Exercise instructions ▸
If pictures appear among the lines below, leave them out while you return exactly the lines from the one with "This embroidered apron" through the one with "Χειροποίητο συρμάτινο γούρι.".

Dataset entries
-----
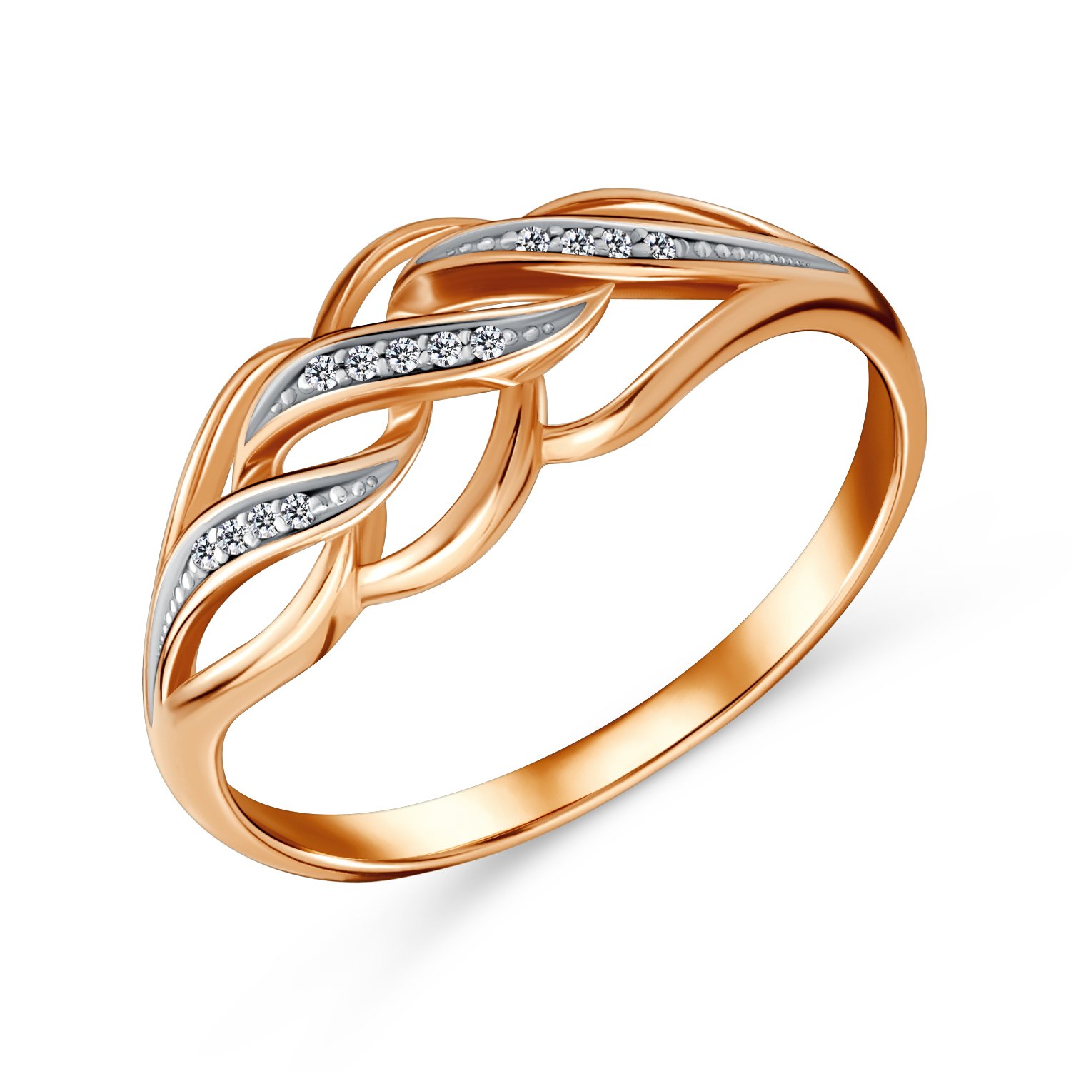 Золотое кольцо с бриллиантами и родированием
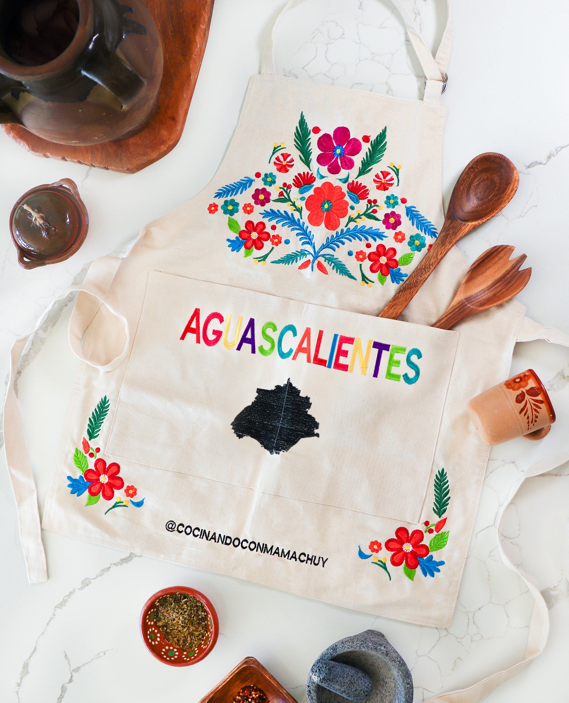 This embroidered apron is a beautifully crafted piece featuring colorful traditional patterns and vibrant stitching. It showcases the artistry and cultural heritage of Mexico, making it a unique and eye-catching accessory.
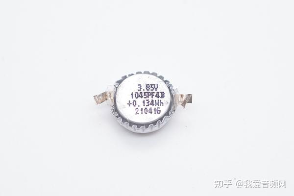 扣式软包电池型号:1045PF4B,容量:0.134Wh,电压:3.85V,生产日期:2021年4月16日。
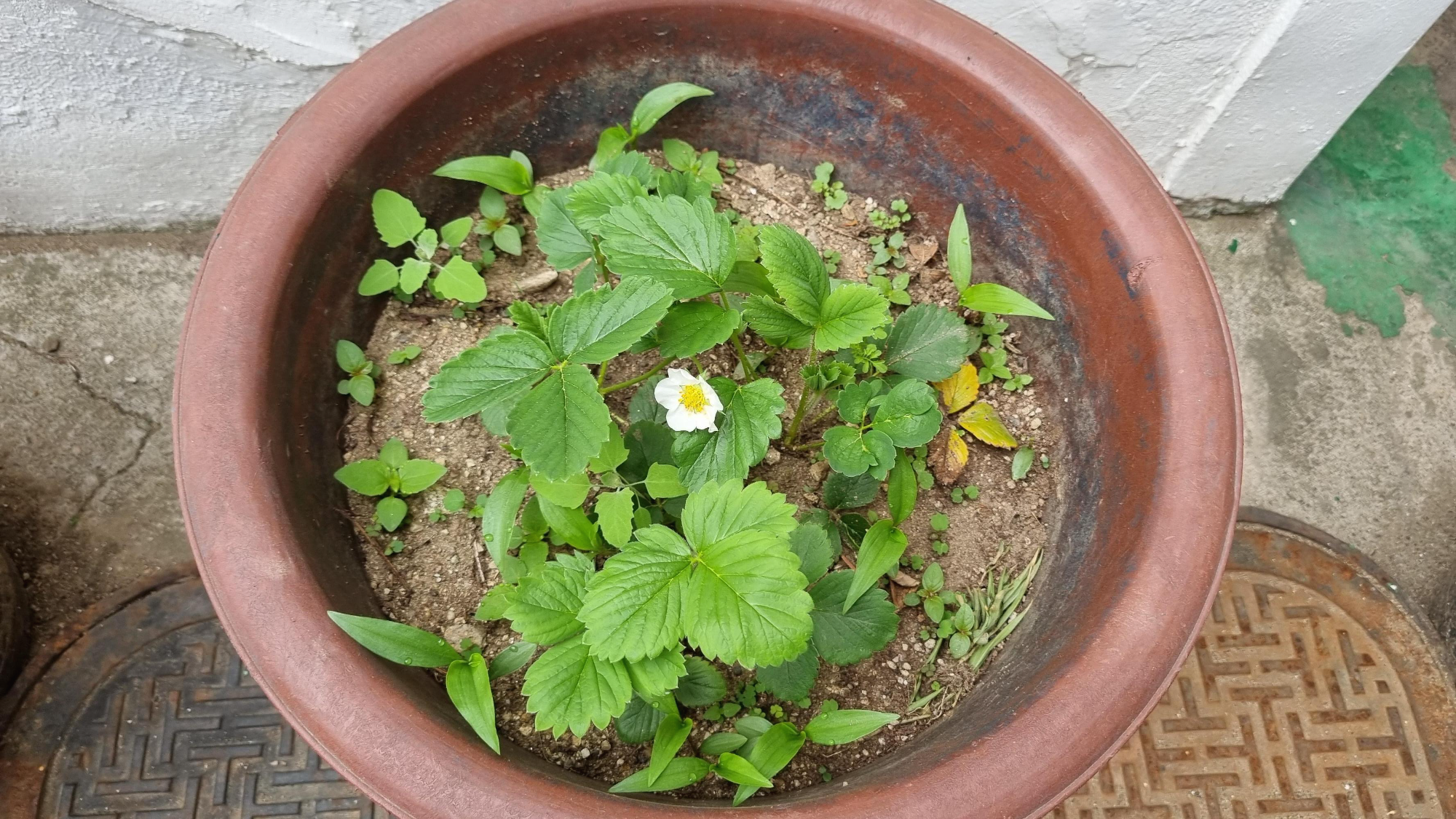 딸기는 크게 신경 쓰지 않아도 때가 되면 꽃이 핀다.
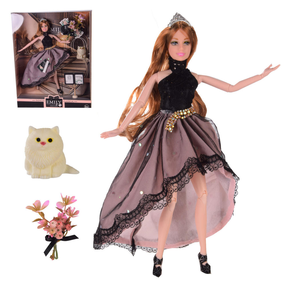 У комплекті: - котик - квіти Упаковка: коробка Стильна лялька, в довгій вечірній сукні підкорить серце будь-якої дівчинки. У лялечки довге волосся та срібна корона на голові. На руках та ногах шарніри. Ігри в ляльки сприяють розвитку дрібної моторики, уяви та комунікативних навичок. Всі деталі набору виготовлені з безпечних матеріалів.
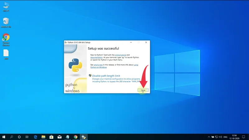 7) Now your Python installation will begin, once it gets completed click on the close button.
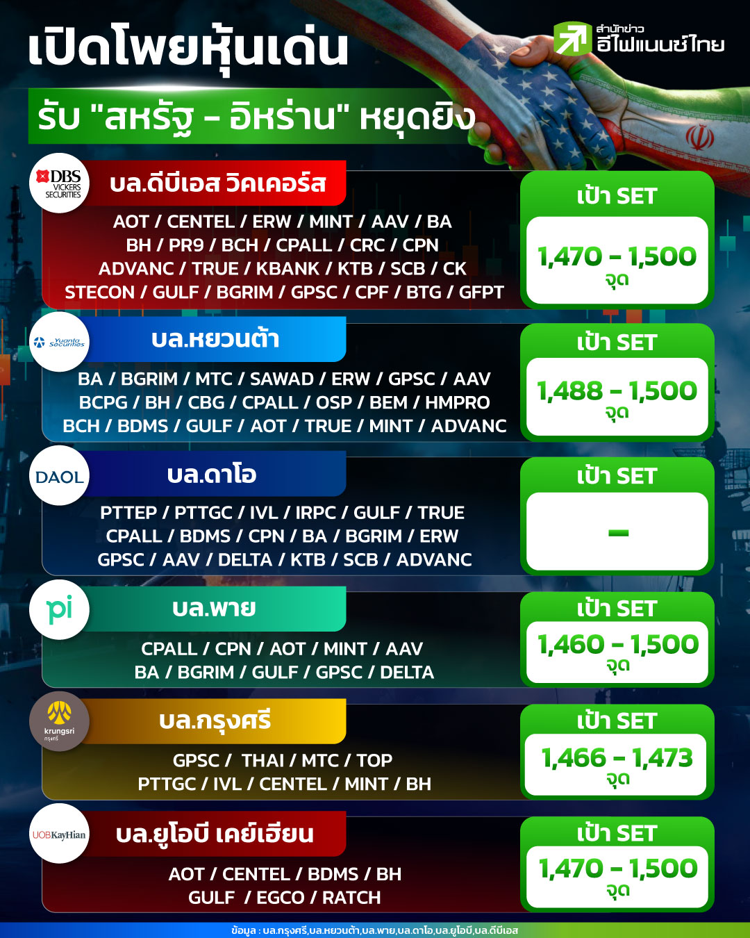 เปิดโพยหุ้นเด่น รับ “สหรัฐ-อิหร่าน” หยุดยิง
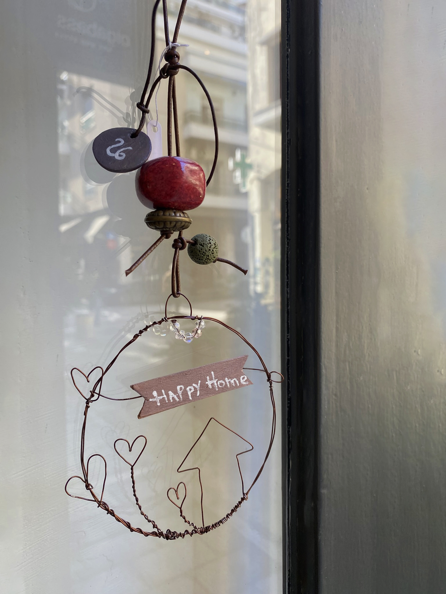 Χειροποίητο συρμάτινο γούρι. Δεμένο με δερμάτινο κορδόνι.
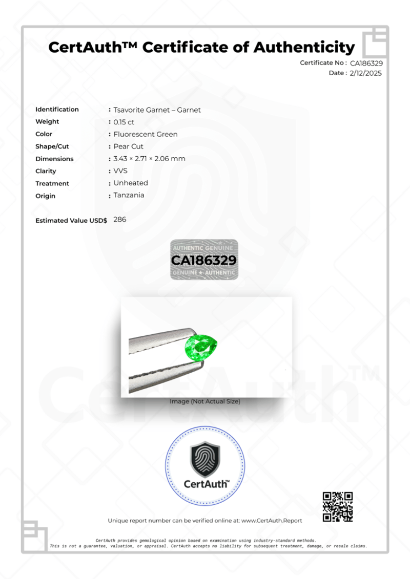 0.15 CT FLUORESCENT GREEN TSAVORITE GARNET - PEAR CUT This Auction Features A Vibrant 0.15 Carat Tsavorite Garnet Mined In Tanzania. The Gemstone Displays A Vivid Fluorescent Green Hue And Is Fashioned In A Pear Cut. With A Clarity Grade Of Vvs, The Stone Offers Exceptional Transparency. It Is Certified As Unheated, Preserving Its Natural Color Without Enhancement. Accompanied By Certauth Certificate Of Authenticity Ca186329.Details:• Gemstone: Tsavorite Garnet – Garnet• Carat Weight: 0.15 Ct• Colour: Fluorescent Green• Cut: Pear Cut• Clarity: Vvs• Treatment: Unheated• Dimensions: 3.43 X 2.71 X 2.06 Mm• Origin: Tanzania• Certification: Certauth Certificate No. Ca186329• Estimated Value: Usd 286 Condition: Good - Refer Images 0488395+186329
-----
The answer ▸
 This embroidered apron is a beautifully crafted piece featuring colorful traditional patterns and vibrant stitching. It showcases the artistry and cultural heritage of Mexico, making it a unique and eye-catching accessory.
 扣式软包电池型号:1045PF4B,容量:0.134Wh,电压:3.85V,生产日期:2021年4月16日。
 딸기는 크게 신경 쓰지 않아도 때가 되면 꽃이 핀다.
 У комплекті: - котик - квіти Упаковка: коробка Стильна лялька, в довгій вечірній сукні підкорить серце будь-якої дівчинки. У лялечки довге волосся та срібна корона на голові. На руках та ногах шарніри. Ігри в ляльки сприяють розвитку дрібної моторики, уяви та комунікативних навичок. Всі деталі набору виготовлені з безпечних матеріалів.
 7) Now your Python installation will begin, once it gets completed click on the close button.
 เปิดโพยหุ้นเด่น รับ “สหรัฐ-อิหร่าน” หยุดยิง
 Χειροποίητο συρμάτινο γούρι. Δεμένο με δερμάτινο κορδόνι.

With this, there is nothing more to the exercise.